WHAT TO DO: The listing below begins with the first line you should copy; stop after the line containing "Golf is deceptively", and drop every picture.

━━━━━━━━━━━━━━━━

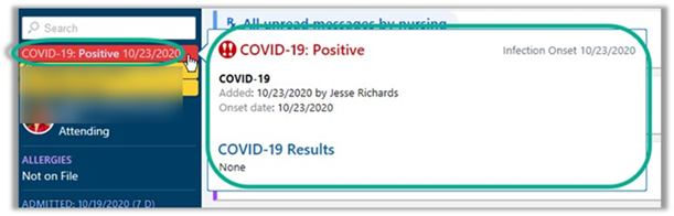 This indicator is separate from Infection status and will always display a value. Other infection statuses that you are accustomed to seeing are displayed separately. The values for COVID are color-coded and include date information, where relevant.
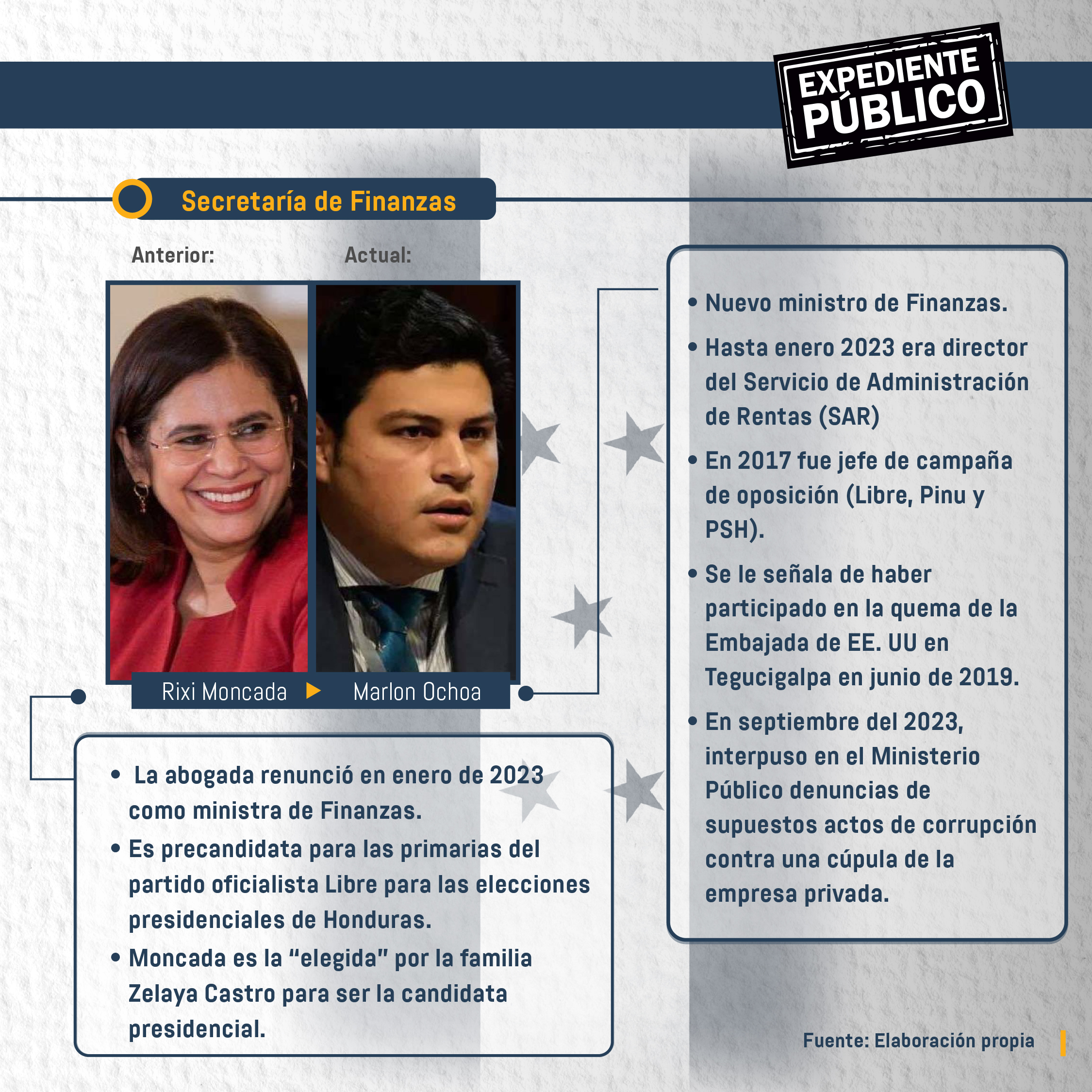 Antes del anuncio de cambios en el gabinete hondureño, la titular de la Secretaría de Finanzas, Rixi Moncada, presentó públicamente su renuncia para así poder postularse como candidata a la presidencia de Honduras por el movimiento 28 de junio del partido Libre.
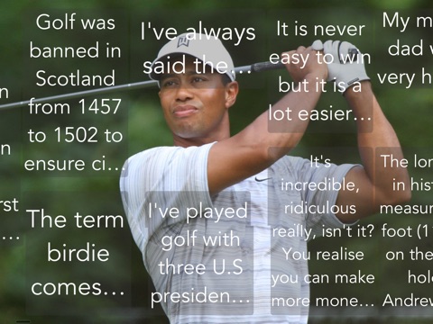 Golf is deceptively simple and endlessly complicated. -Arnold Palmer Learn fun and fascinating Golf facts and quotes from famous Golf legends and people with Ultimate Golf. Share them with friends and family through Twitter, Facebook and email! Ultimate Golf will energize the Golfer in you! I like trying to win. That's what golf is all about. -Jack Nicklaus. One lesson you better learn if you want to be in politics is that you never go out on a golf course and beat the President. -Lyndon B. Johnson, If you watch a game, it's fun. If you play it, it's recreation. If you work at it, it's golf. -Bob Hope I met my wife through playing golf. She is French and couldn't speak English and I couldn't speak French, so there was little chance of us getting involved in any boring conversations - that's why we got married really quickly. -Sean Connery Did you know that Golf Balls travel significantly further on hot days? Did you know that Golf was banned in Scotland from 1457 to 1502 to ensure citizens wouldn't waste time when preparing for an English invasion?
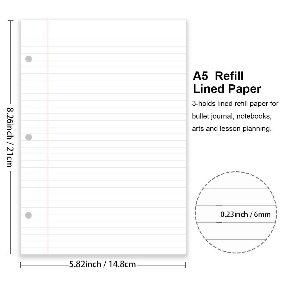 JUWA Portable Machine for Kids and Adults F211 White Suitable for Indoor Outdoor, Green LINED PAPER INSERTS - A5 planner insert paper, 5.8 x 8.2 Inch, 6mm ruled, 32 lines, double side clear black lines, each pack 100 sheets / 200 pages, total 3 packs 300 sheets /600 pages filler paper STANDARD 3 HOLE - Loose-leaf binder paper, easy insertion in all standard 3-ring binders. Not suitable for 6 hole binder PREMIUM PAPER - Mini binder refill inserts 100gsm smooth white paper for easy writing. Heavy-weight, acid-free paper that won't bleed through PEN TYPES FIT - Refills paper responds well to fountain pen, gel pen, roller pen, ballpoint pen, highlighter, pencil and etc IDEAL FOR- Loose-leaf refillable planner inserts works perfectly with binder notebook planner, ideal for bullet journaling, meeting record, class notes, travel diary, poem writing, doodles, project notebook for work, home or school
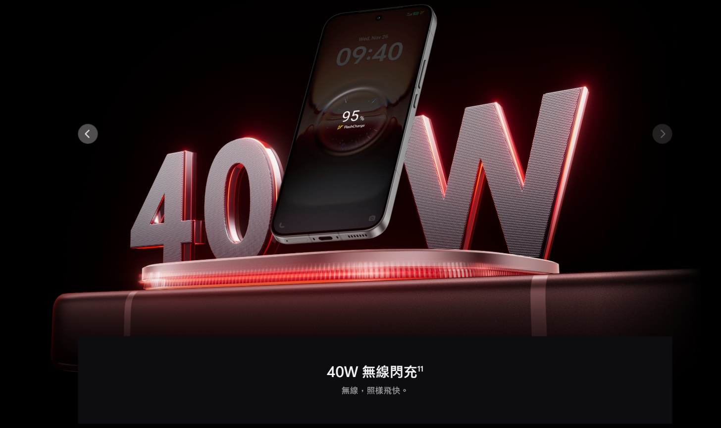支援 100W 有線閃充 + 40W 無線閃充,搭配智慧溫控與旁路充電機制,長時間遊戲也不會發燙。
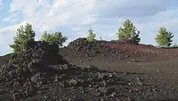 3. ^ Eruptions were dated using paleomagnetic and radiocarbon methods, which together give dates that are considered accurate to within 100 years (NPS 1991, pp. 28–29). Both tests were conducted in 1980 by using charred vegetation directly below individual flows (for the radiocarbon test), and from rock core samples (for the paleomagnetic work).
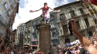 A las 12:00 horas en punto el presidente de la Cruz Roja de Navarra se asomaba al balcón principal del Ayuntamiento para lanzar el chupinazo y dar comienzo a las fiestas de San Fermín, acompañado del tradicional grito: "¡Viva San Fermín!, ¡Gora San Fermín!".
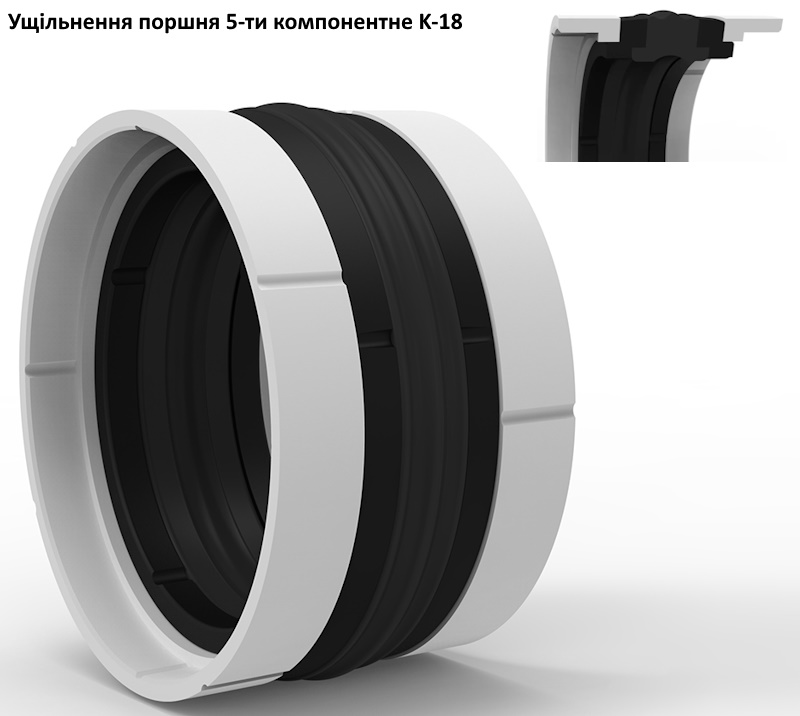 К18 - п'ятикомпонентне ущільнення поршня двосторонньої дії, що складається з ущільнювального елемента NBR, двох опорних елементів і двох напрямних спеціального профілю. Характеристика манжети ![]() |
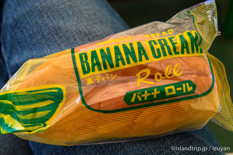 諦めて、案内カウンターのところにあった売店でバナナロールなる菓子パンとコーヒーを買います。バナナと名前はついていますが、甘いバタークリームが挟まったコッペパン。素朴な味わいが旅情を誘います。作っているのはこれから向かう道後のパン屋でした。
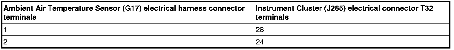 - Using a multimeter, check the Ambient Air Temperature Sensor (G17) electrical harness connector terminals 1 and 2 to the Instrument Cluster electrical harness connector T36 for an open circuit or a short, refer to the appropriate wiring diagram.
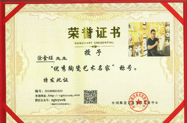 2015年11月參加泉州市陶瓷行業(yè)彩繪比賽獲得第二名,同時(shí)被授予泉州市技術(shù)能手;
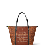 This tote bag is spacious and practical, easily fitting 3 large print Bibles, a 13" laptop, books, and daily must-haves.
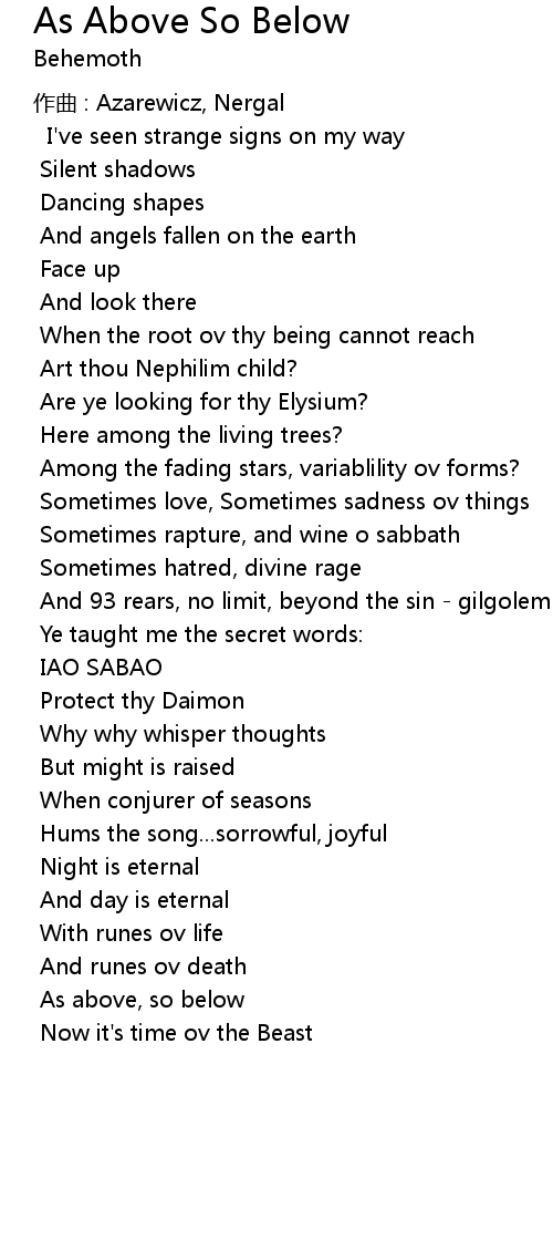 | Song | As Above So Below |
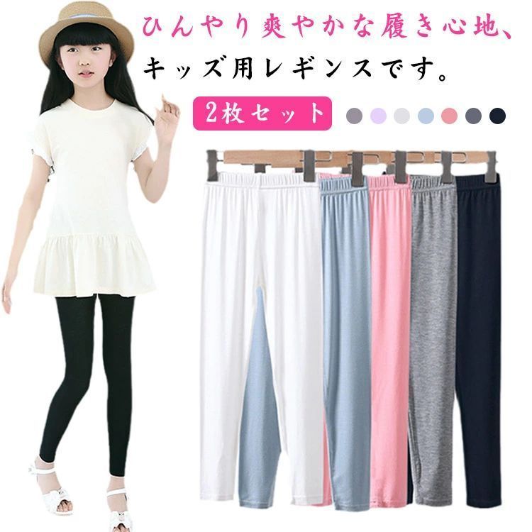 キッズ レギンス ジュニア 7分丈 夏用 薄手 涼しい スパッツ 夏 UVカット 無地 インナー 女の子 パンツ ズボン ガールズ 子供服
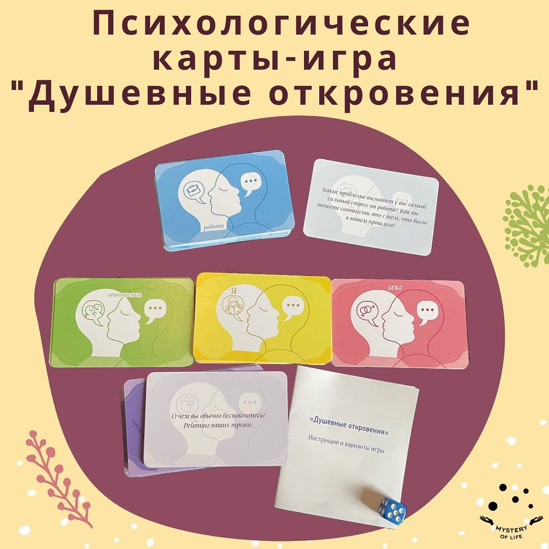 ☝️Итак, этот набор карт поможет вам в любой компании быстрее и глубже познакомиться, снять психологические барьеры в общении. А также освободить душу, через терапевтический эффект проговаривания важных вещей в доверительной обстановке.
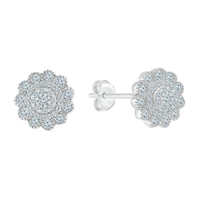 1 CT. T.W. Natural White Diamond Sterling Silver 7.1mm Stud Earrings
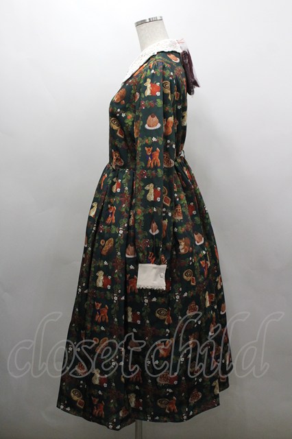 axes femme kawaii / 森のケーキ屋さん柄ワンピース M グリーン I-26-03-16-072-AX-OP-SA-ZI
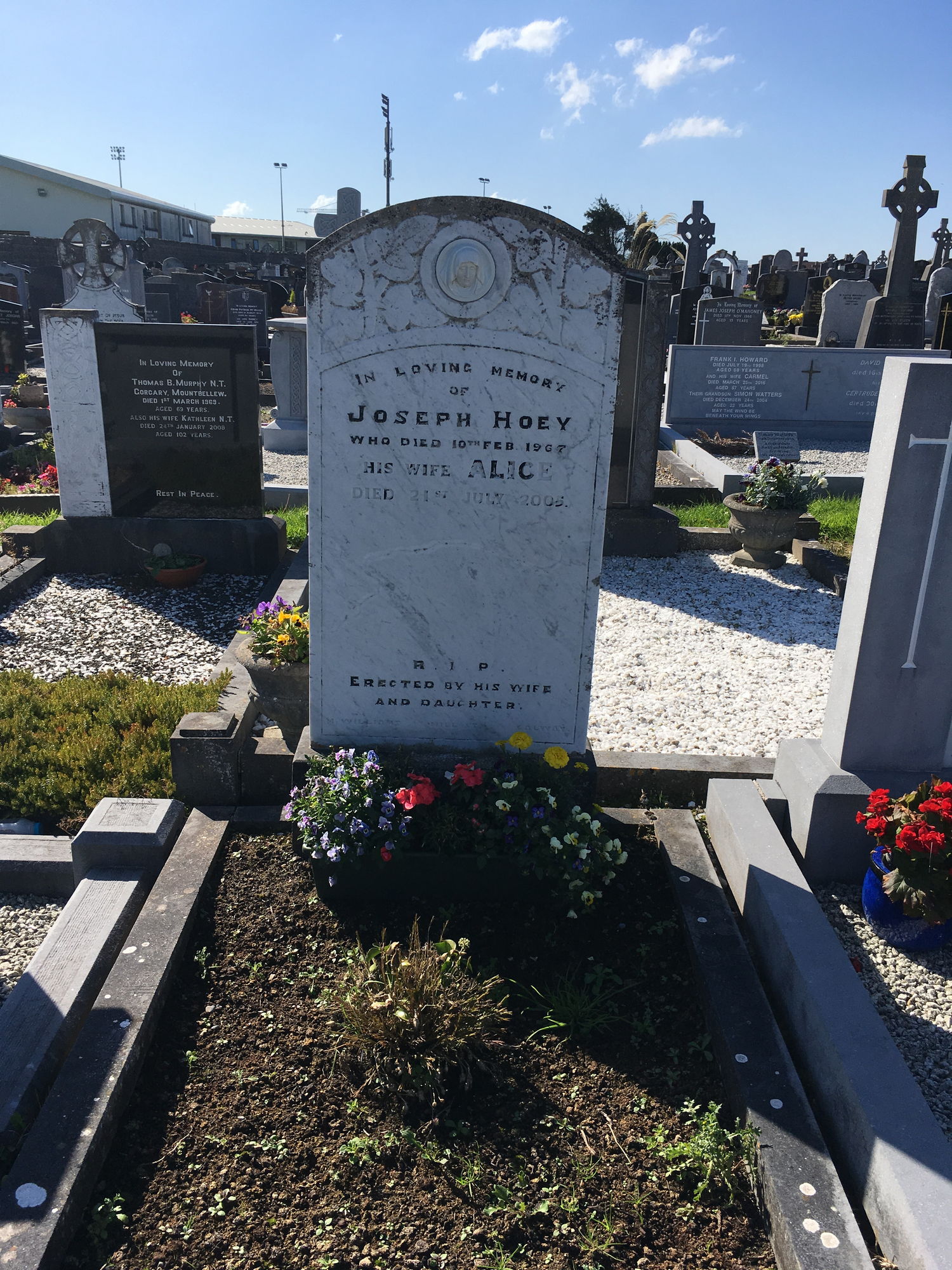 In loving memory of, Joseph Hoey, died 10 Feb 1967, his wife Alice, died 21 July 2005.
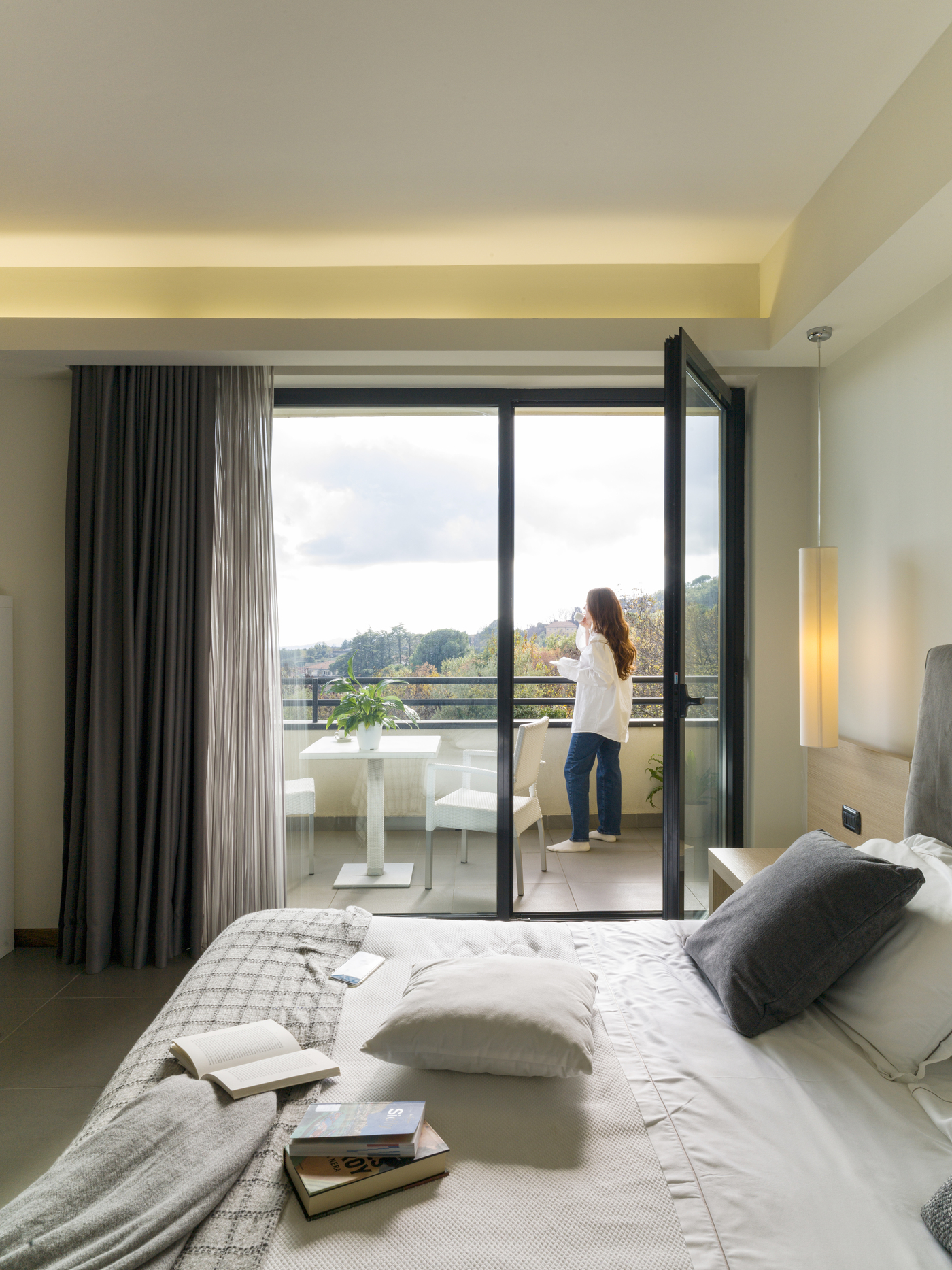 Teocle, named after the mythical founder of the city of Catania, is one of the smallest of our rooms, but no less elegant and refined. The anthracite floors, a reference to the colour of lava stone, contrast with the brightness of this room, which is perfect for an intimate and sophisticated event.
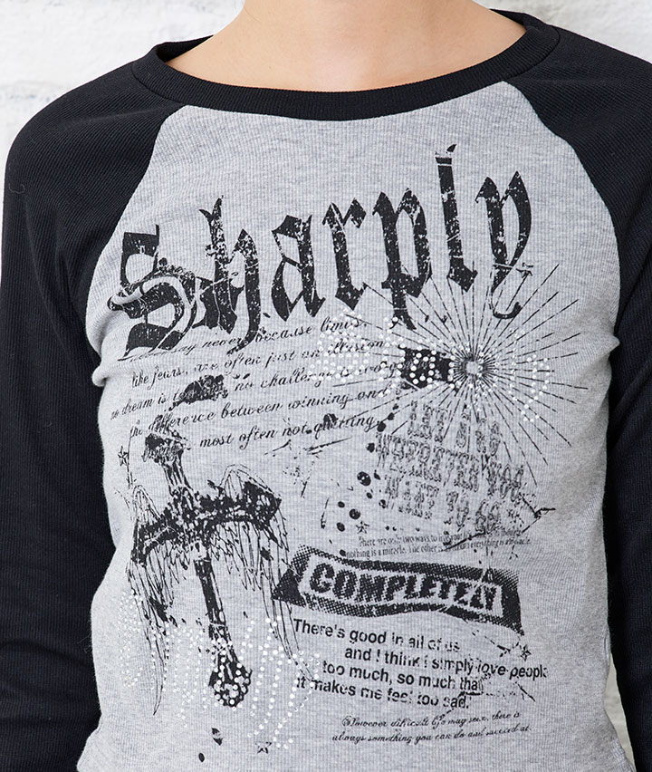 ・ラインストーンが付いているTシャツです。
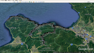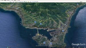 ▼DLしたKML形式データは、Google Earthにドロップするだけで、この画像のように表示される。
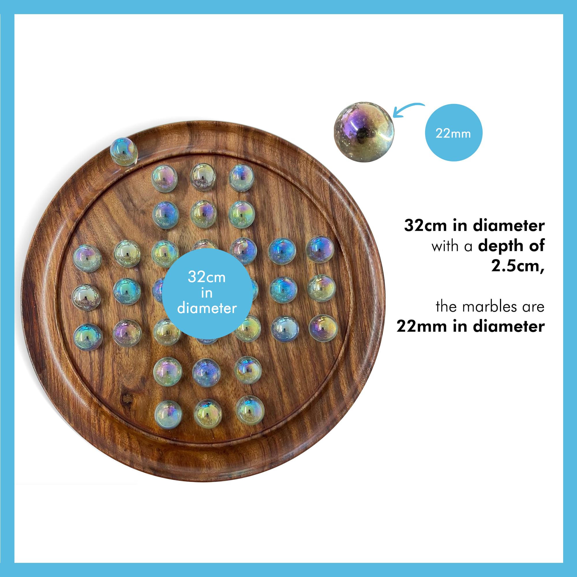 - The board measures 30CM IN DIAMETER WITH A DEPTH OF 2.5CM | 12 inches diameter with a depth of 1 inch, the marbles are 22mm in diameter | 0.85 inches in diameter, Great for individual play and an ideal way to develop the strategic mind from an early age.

━━━━━━━━━━━━━━━━

EXPECTED OUTPUT:
 This indicator is separate from Infection status and will always display a value. Other infection statuses that you are accustomed to seeing are displayed separately. The values for COVID are color-coded and include date information, where relevant.
 Antes del anuncio de cambios en el gabinete hondureño, la titular de la Secretaría de Finanzas, Rixi Moncada, presentó públicamente su renuncia para así poder postularse como candidata a la presidencia de Honduras por el movimiento 28 de junio del partido Libre.
 Golf is deceptively simple and endlessly complicated. -Arnold Palmer Learn fun and fascinating Golf facts and quotes from famous Golf legends and people with Ultimate Golf. Share them with friends and family through Twitter, Facebook and email! Ultimate Golf will energize the Golfer in you! I like trying to win. That's what golf is all about. -Jack Nicklaus. One lesson you better learn if you want to be in politics is that you never go out on a golf course and beat the President. -Lyndon B. Johnson, If you watch a game, it's fun. If you play it, it's recreation. If you work at it, it's golf. -Bob Hope I met my wife through playing golf. She is French and couldn't speak English and I couldn't speak French, so there was little chance of us getting involved in any boring conversations - that's why we got married really quickly. -Sean Connery Did you know that Golf Balls travel significantly further on hot days? Did you know that Golf was banned in Scotland from 1457 to 1502 to ensure citizens wouldn't waste time when preparing for an English invasion?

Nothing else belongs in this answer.